AS Neish, GA Taylor, DP Lund and CC Atkinson
Department of Radiology, Children's Hospital, Boston, MA, USA.

PURPOSE: To evaluate the effect of computed tomographic (CT) information on diagnostic confidence and initial clinical treatment in children with abdominal trauma. MATERIALS AND METHODS: Senior surgical staff completed questionnaires before and after abdominal CT was performed in 138 consecutive children with acute abdominal trauma seen between April 1996 and April 1997. Physicians were asked to estimate the probability of underlying abdominal injury, which organ was injured, their level of confidence in the CT findings, and initial clinical management plans.
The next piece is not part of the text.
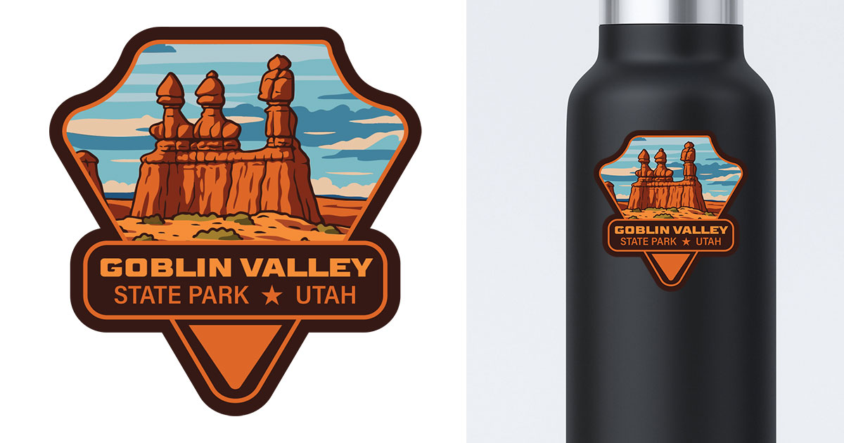Vinyl sticker of Goblin Valley State Park in Utah. Great for water bottles and any smooth flat surface. Dishwasher safe Goblin Valley sticker.

The gain in percentage diagnostic confidence and the proportion of children in whom CT information changed diagnoses and initial management plans were evaluated. RESULTS: The CT findings changed the surgeons' initial diagnoses in 116 (84%) patients (95% confidence interval [CI] = 75%, 86%). The mean gain in diagnostic certainty with CT was 36% (95% CI = 31%, 40%). Initial management plans changed in 61 (44%) patients after CT information was available (95% CI = 35%, 50%). This resulted in decreased intensity of care in 52 (38%) patients and increased intensity of care in nine (6.5%). CONCLUSION: Abdominal CT had a strong effect on surgeons' clinical diagnoses and initial treatment plans in children with blunt trauma. CT information enabled surgeons to safely reduce the intensity of care provided to injured children.